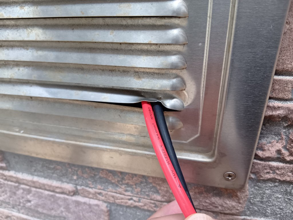 次善の策として、角形ガラリを、ちょっとだけこじ開けてケーブルを通します。
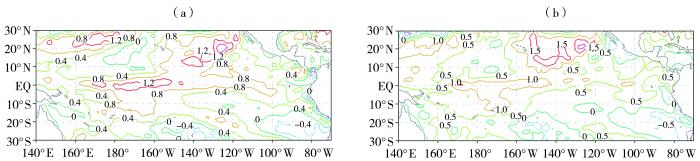 MJO表现为热带地区对流的振荡传播,它与热带海温相互作用。选取热带地区(0°—10°N,80°E—90°E)的OLR进行区域平均,分析与海温场的相关性(图9)。可见,0°—10°N,80°E—90°E的OLR与赤道中东太平洋海温呈显著正相关,当中东太平洋海温偏暖时,OLR较强,此时该区域对流受到抑制;反之,当中东太平洋海温偏冷时,OLR较弱,此时该区域对流活动较为活跃。已有研究指出,0°—10°N,80°E—90°E区域的对流强度对云南春季降水具有重要影响,该区域对流增强有利于云南春季降水增多(吴国雄和孟文,1998;赵尔旭等,2011)。由此可见,赤道中东太平洋海温可通过调制MJO相关对流活动,影响云南春季降水。
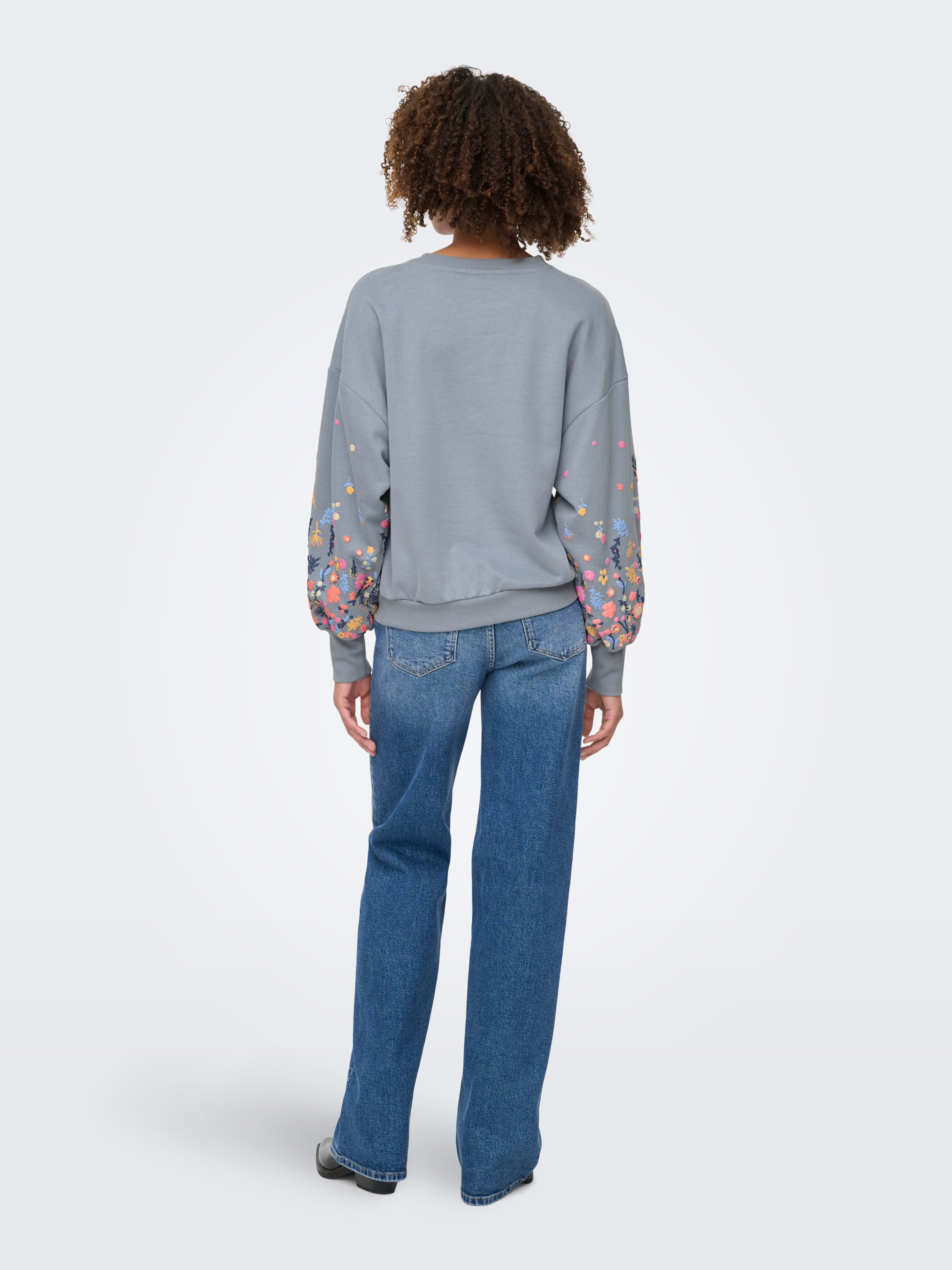 Regulāra piemērotība O-kakls Rievotas aproces Nokrituši pleci Sporta krekls
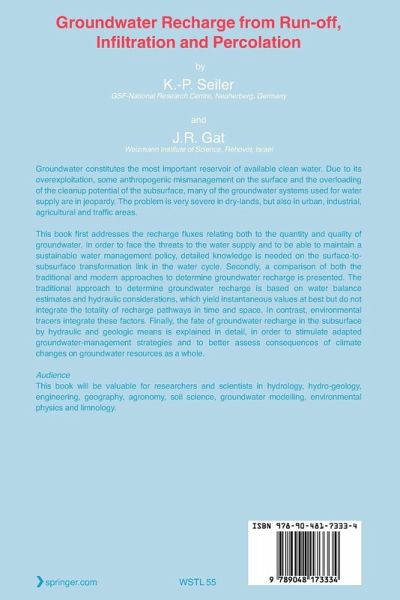 This book first discusses the recharge fluxes relating both to the quantity and quality of groundwater. In order to face the threats to the water supply and to be able to maintain a sustainable water management policy, detailed knowledge is needed in between others on the surface to subsurface transformation link in the water cycle. Secondly, the presentation and comparison of both the traditional and modern approach to determine groundwater recharge is discussed. The traditional approach to determine groundwater recharge, is based on water balance estimates and hydraulic considerations, which yield instantaneous values at best but do not integrate the totality of recharge pathways in time and space. In contrast, environmental tracers do integrate these factors. Finally, the fate of groundwater recharge in the subsurface by hydraulic and geologic means is discussed in detail, in order to stimulate adapted groundwater management strategies and to better assess consequences of climate changes on groundwater resources as a whole.

..........

What is being asked: Your task is to restate word for word the lines from the one containing "MJO表现为热带地区对流的振" through the last line of the data, both ends included, with no pictures.

Answer to this task:
 MJO表现为热带地区对流的振荡传播,它与热带海温相互作用。选取热带地区(0°—10°N,80°E—90°E)的OLR进行区域平均,分析与海温场的相关性(图9)。可见,0°—10°N,80°E—90°E的OLR与赤道中东太平洋海温呈显著正相关,当中东太平洋海温偏暖时,OLR较强,此时该区域对流受到抑制;反之,当中东太平洋海温偏冷时,OLR较弱,此时该区域对流活动较为活跃。已有研究指出,0°—10°N,80°E—90°E区域的对流强度对云南春季降水具有重要影响,该区域对流增强有利于云南春季降水增多(吴国雄和孟文,1998;赵尔旭等,2011)。由此可见,赤道中东太平洋海温可通过调制MJO相关对流活动,影响云南春季降水。
 Regulāra piemērotība O-kakls Rievotas aproces Nokrituši pleci Sporta krekls
 This book first discusses the recharge fluxes relating both to the quantity and quality of groundwater. In order to face the threats to the water supply and to be able to maintain a sustainable water management policy, detailed knowledge is needed in between others on the surface to subsurface transformation link in the water cycle. Secondly, the presentation and comparison of both the traditional and modern approach to determine groundwater recharge is discussed. The traditional approach to determine groundwater recharge, is based on water balance estimates and hydraulic considerations, which yield instantaneous values at best but do not integrate the totality of recharge pathways in time and space. In contrast, environmental tracers do integrate these factors. Finally, the fate of groundwater recharge in the subsurface by hydraulic and geologic means is discussed in detail, in order to stimulate adapted groundwater management strategies and to better assess consequences of climate changes on groundwater resources as a whole.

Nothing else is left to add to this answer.